The page is at https://iphone-services.apple.com/clbl/unauthorizedApps - though you'll see from looking at it that it's just a proof of concept. But it does sit within Apple's domain. Might work; might not. Has anyone caught their iPhone phoning home to it, though? That's what's not clear.

Update: John Gruber, who has "an informed source at Apple", says that it's actually for banning apps from using the Core Location API (which tells you where you are): that's what the "clbl" in the URL stands for ("core location blacklist"). Which reduces the breadth of the banning, but still leave it there.

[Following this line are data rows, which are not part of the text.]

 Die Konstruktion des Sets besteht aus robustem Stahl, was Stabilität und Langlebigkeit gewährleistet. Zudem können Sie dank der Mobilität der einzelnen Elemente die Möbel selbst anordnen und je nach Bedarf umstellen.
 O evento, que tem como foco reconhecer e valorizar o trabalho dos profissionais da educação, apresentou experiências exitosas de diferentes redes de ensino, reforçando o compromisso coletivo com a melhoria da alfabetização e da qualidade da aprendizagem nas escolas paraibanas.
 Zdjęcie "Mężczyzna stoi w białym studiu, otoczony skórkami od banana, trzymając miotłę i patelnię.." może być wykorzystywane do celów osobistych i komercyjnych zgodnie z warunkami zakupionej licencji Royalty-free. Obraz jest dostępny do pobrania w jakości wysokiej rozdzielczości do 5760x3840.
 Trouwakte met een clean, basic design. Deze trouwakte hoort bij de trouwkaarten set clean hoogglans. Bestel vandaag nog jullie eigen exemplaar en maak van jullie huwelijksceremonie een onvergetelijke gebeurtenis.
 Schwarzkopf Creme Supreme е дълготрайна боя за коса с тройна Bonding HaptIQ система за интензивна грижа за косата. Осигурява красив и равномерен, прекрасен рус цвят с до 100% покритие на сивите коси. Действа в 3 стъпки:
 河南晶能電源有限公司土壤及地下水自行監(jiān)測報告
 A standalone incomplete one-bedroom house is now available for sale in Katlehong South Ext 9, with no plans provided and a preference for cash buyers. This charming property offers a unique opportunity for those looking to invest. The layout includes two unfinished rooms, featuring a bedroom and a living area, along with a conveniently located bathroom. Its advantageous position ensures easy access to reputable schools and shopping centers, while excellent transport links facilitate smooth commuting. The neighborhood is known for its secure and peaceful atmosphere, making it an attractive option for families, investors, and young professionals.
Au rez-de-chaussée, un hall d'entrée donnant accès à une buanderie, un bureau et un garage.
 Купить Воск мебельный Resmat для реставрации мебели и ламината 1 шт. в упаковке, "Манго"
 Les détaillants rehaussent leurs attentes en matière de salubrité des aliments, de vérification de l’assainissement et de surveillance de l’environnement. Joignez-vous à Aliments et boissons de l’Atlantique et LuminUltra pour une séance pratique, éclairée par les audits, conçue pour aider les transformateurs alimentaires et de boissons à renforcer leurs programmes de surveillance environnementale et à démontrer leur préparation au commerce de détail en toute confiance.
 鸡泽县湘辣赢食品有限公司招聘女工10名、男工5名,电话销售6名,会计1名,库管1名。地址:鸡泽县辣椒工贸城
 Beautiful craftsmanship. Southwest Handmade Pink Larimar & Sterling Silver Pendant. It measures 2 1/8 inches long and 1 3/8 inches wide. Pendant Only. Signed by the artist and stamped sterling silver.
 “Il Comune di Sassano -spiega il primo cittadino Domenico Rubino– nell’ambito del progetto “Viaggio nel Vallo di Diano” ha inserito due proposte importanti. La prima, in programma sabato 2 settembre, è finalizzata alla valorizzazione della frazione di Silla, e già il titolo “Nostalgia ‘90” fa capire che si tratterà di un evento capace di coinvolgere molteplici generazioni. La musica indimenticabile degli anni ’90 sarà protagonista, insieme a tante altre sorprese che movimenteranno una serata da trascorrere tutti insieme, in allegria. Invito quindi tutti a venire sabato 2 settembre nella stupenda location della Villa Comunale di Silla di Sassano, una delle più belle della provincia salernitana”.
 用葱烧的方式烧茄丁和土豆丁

And the other news is that a madly-overpriced application - Make Me Rich, costing a mere $999 - has been pulled from the iPhone App Store. Not surprisingly, it wasn't popular, since all it basically did was to, um, make the author rich. (There was also something about "'features a "secret mantra' that 'may help you to to [sic] stay rich, healthy and successful.'") And it didn't please some of the people who accidentally bought it - see the comment in the picture above.

Armin Heinrich, the author, would be sitting quite pretty from a few sales, you'd think. That might be wrong: if people buy it on their credit card and then claim it back as an erroneous (or fraudulent?) transaction, Apple has already taken its 30% cut ($300, near enough) but Heinrich has to pay back the full $999 to the credit card company. So he ends up $300 out of pocket. Oh dear. I am rich? I was rich, now I'm not. That's quite a maneouvre.

But so far, no sign of I Am Rich on the app-killing page. I don't think Steve Jobs would really green-light such a move, anyhow.